Restate every line of the data word for word, except for the images.

▸ **Provided material**
::::

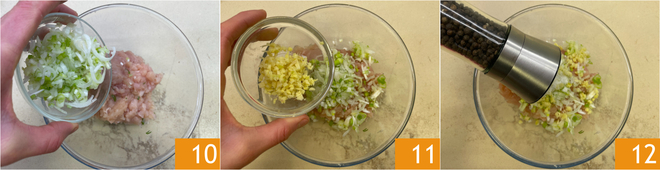 Place the minced meat in a bowl, then add the white part of the scallion 10, ginger 11, salt, and pepper 12.
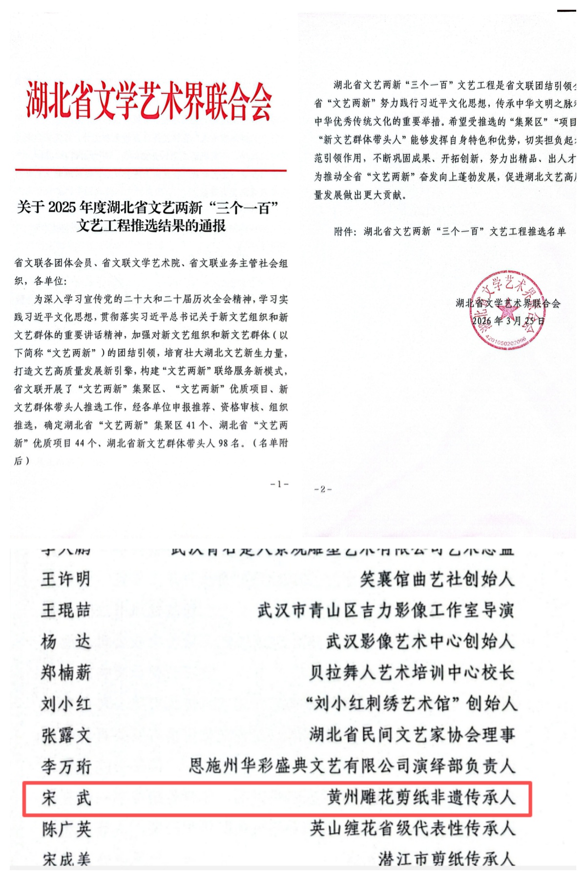 宋武此次入选湖北省文艺两新“三个一百”文艺工程,既是对其专业造诣、坚守传承的充分认可,也是黄州非遗保护工作的重要成果。
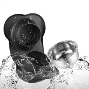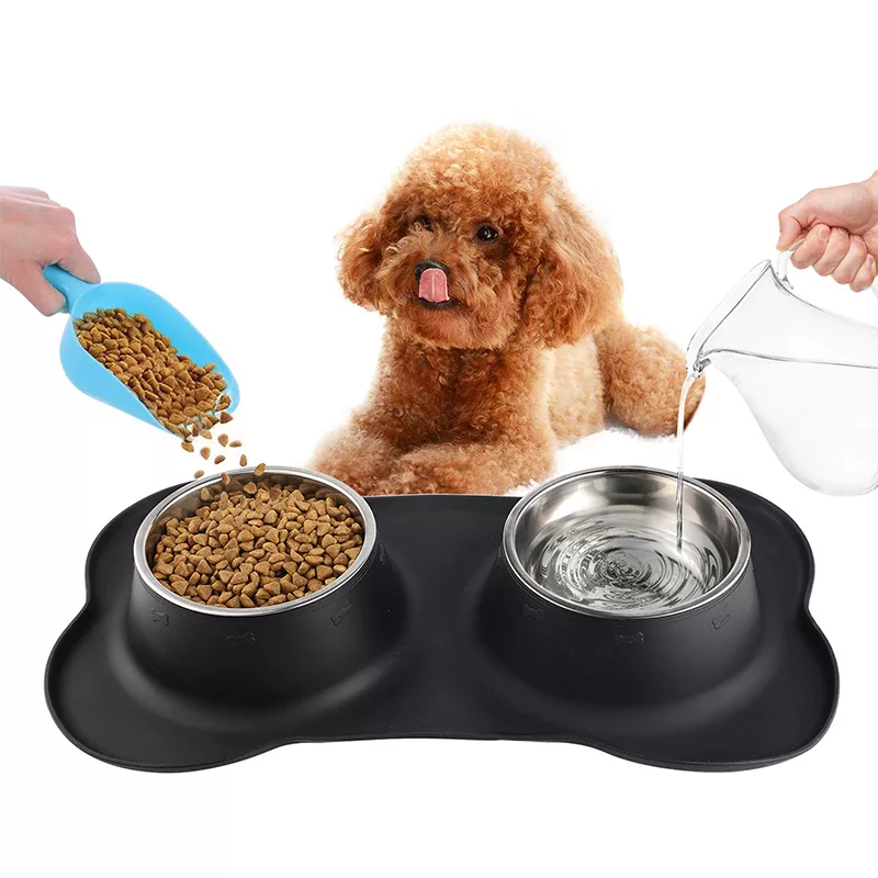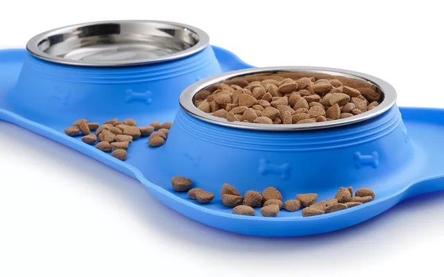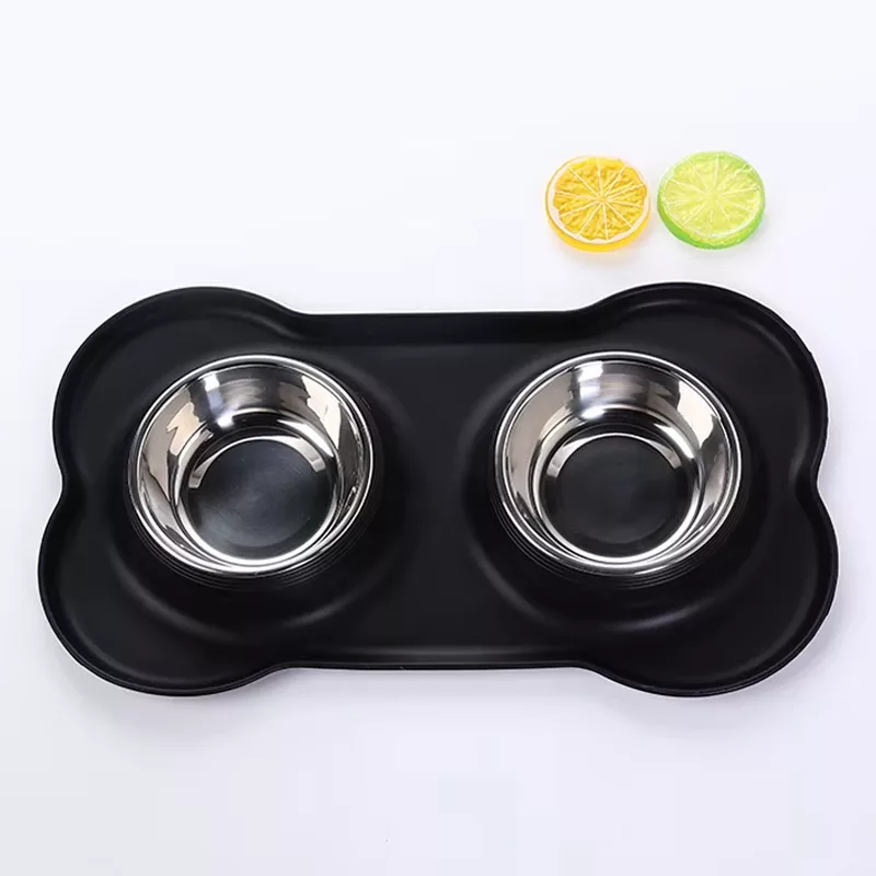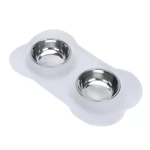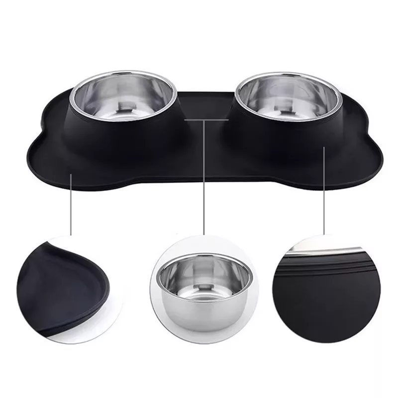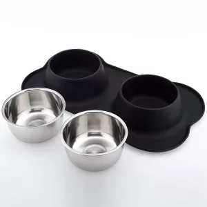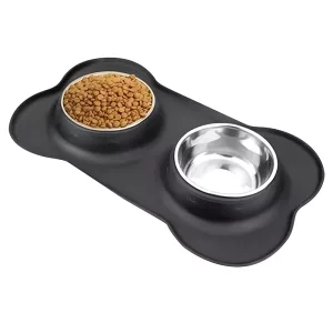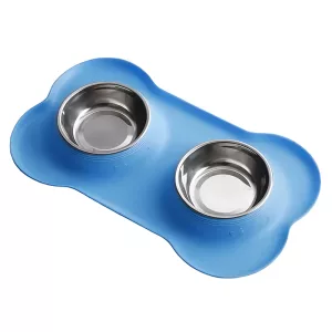 Bol dublu antiderapant pentru câini cu covoraș din silicon

::::

▸ **Worked solution**
 Place the minced meat in a bowl, then add the white part of the scallion 10, ginger 11, salt, and pepper 12.
 宋武此次入选湖北省文艺两新“三个一百”文艺工程,既是对其专业造诣、坚守传承的充分认可,也是黄州非遗保护工作的重要成果。
 Bol dublu antiderapant pentru câini cu covoraș din silicon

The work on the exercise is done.